>>>>
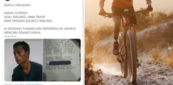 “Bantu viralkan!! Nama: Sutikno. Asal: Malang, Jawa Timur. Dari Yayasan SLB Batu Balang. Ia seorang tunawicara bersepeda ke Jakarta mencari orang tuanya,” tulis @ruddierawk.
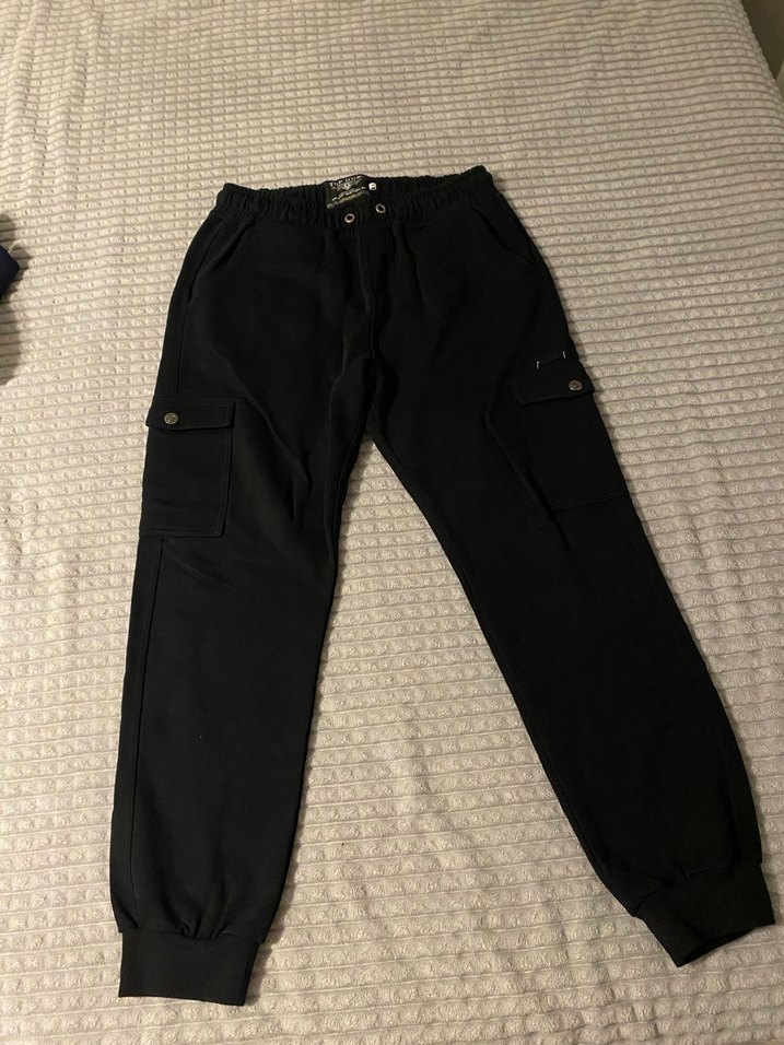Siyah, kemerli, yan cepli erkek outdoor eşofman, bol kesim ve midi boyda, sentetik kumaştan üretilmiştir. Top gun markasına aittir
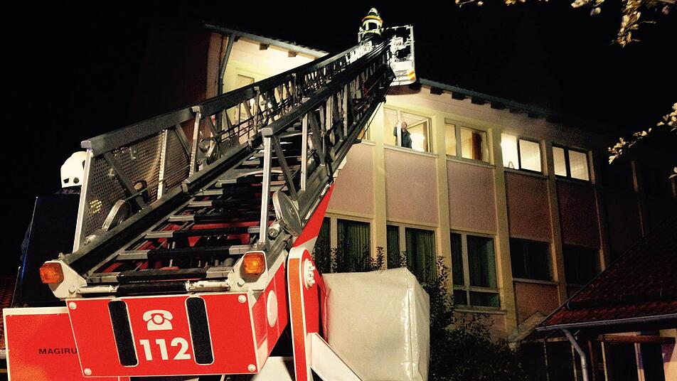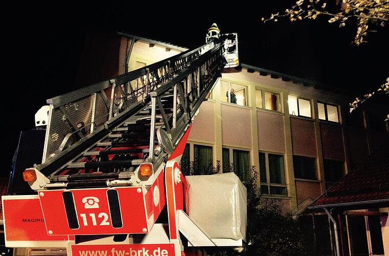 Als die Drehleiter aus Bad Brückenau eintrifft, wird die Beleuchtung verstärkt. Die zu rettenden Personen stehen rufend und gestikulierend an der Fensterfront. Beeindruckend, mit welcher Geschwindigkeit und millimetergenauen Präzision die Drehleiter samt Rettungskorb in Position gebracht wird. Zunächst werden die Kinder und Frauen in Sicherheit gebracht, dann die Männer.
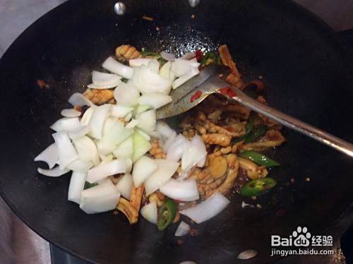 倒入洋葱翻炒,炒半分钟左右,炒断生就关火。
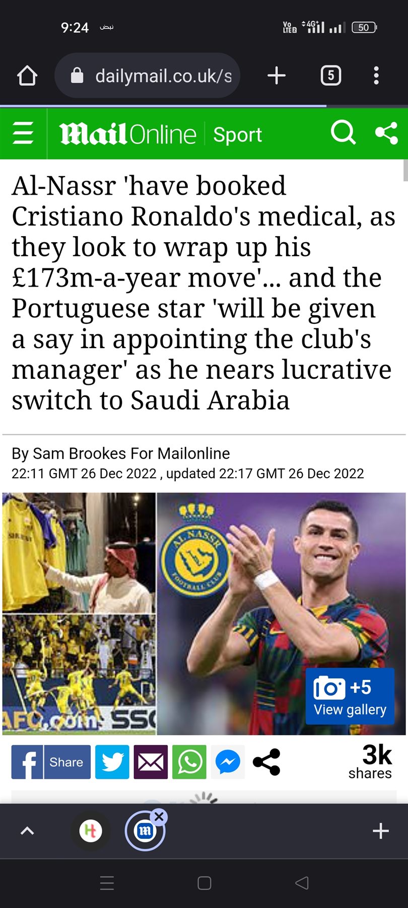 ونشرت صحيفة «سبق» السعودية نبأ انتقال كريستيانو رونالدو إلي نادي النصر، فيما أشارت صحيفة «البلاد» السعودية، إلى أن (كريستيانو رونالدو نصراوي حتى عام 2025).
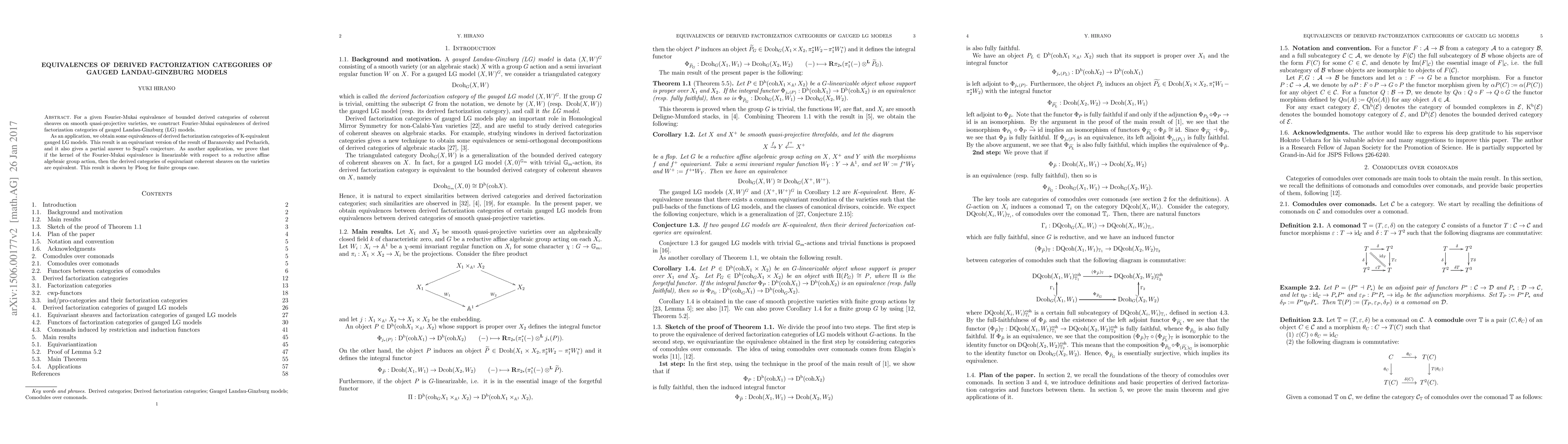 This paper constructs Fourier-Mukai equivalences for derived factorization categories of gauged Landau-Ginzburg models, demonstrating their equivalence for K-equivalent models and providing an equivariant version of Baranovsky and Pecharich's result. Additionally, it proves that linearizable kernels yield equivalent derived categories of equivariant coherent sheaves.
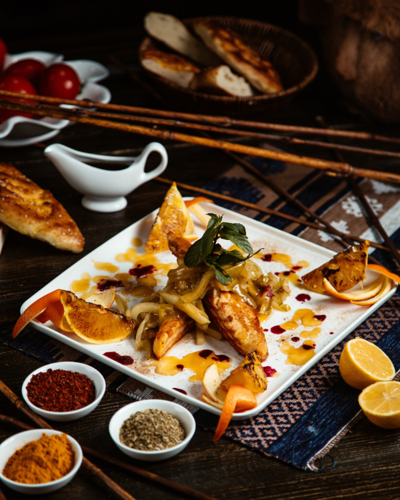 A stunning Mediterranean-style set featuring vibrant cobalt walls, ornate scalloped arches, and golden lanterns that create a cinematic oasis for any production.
<<<<
▶ [TASK]: Leave out the pictures, and please output only the lines from the line that contains "Als die Drehleiter" through the end of the data, both ends included.

▶ [RESPONSE AREA]:
 Als die Drehleiter aus Bad Brückenau eintrifft, wird die Beleuchtung verstärkt. Die zu rettenden Personen stehen rufend und gestikulierend an der Fensterfront. Beeindruckend, mit welcher Geschwindigkeit und millimetergenauen Präzision die Drehleiter samt Rettungskorb in Position gebracht wird. Zunächst werden die Kinder und Frauen in Sicherheit gebracht, dann die Männer.
 倒入洋葱翻炒,炒半分钟左右,炒断生就关火。
 ونشرت صحيفة «سبق» السعودية نبأ انتقال كريستيانو رونالدو إلي نادي النصر، فيما أشارت صحيفة «البلاد» السعودية، إلى أن (كريستيانو رونالدو نصراوي حتى عام 2025).
 This paper constructs Fourier-Mukai equivalences for derived factorization categories of gauged Landau-Ginzburg models, demonstrating their equivalence for K-equivalent models and providing an equivariant version of Baranovsky and Pecharich's result. Additionally, it proves that linearizable kernels yield equivalent derived categories of equivariant coherent sheaves.
 A stunning Mediterranean-style set featuring vibrant cobalt walls, ornate scalloped arches, and golden lanterns that create a cinematic oasis for any production.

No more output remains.